Fundstellen des Neandertalers
Als Überreste der Eiszeiten sind noch einige Gletscher erhalten.

7 Ein Leben als Jäger und Sammler

Die Neandertaler überlebten in dieser kalten Zeit, weil sie Feuer machen konnten, das sie gegen Kälte und wilde Tiere schützte und mit dem sie Fleisch und pflanzliche Nahrung zubereiteten.

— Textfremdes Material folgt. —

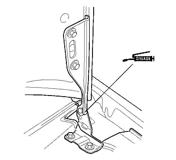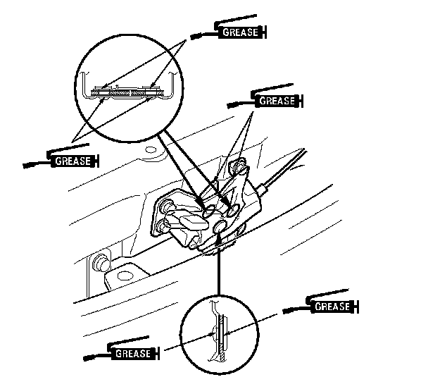 8. Apply multipurpose grease to the hood latch and the hood hinges as indicated by the arrows.
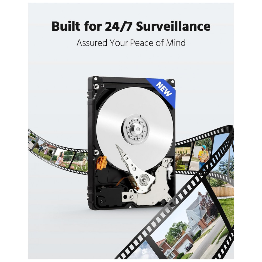 H.265 para gravação mais suave e mais longa Atualizado para H.265 , o tempo de gravação é prolongado e a largura de banda é reduzida. E um disco rígido de 1 TB incluído economiza despesas extras. Suporta HDD de até 10 TB, o pacote vem com HDD de 1 TB.
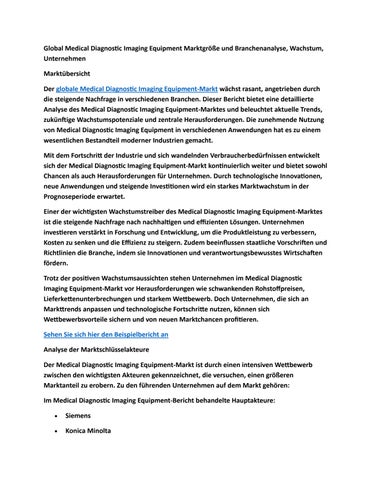 Global Medical Diagnostic Imaging Equipment Marktgröße und Branchenanalyse, Wachstum, Unternehmen
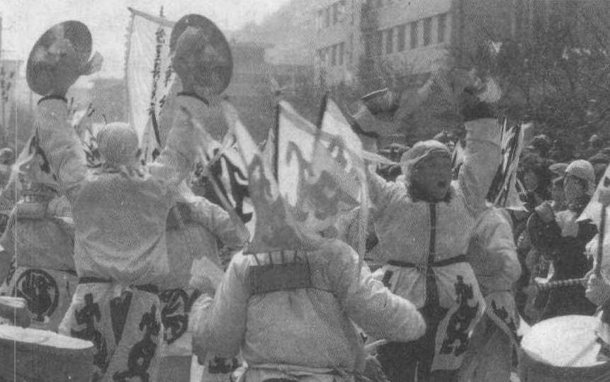 | 释义 | 洛川蹩鼓流传于洛川县黄章、永乡、旧县等乡镇的一种民间鼓舞。舞者按古代军卒打扮,穿战裙,扎靠旗,腹前横挂一个近二尺的匾圆大鼓,双手握细长鼓槌。表演时,在两个伞头的率领下,16名鼓手、12名铙手、8名锣手边跳边击,动作粗犷,场面浩大,音韵铿锵,气氛强烈,颇似古代军旅操练习武。相传除了每年春节闹社火表演外,过去民间社祀或祈雨时也带有蹩鼓队参加。近年,已发展为大场鼓、小场鼓、过街鼓等形式,并有“四马围城”、“双跳拧转”、“转身拧腰”、“跪击双跳”等动作,更增添了表演的战斗气氛和感人的艺术效果。

Neandertaler lebten vorwiegend in Höhlen. Auf der Jagd verbrachten sie die Nächte in Zelten, die sie aus hölzernen Stangen und Fellen errichteten. Sie aßen vor allem Fleisch. Sie jagten Wisente, Auerochsen, Wollnashörner, Wildpferde, Rentiere oder Mammuts. Außerdem sammelten sie Früchte und Samen. Da sie kaum Vorräte anlegten, litten sie vermutlich oft Hunger.


Neandertaler erleichterten sich das Leben, indem sie Speere aus Holz und Werkzeuge aus Stein, Knochen oder Muscheln herstellten. Wahrscheinlich nutzten sie auch Birkenpech als Klebstoff. Sie fertigten Kleidung an und hatten vermutlich auch eine eigene Sprache. Sie lebten in kleinen Gruppen zusammen, die wenig Kontakt untereinander hatten. Es gab wohl nur einige Tausend Neandertaler, die jeweils zur gleichen Zeit in Europa lebten.


Neandertaler und die modernen Menschen haben sich sicher auch vermischt. Jedenfalls trägt jeder von uns Erbgut von Neandertalern in sich. Daher darf man diese Menschenart zu Recht als erste Europäer bezeichnen.

Werkzeuge von Jägern und Sammlern der Steinzeit.
Neandertaler zogen als Nomaden umher.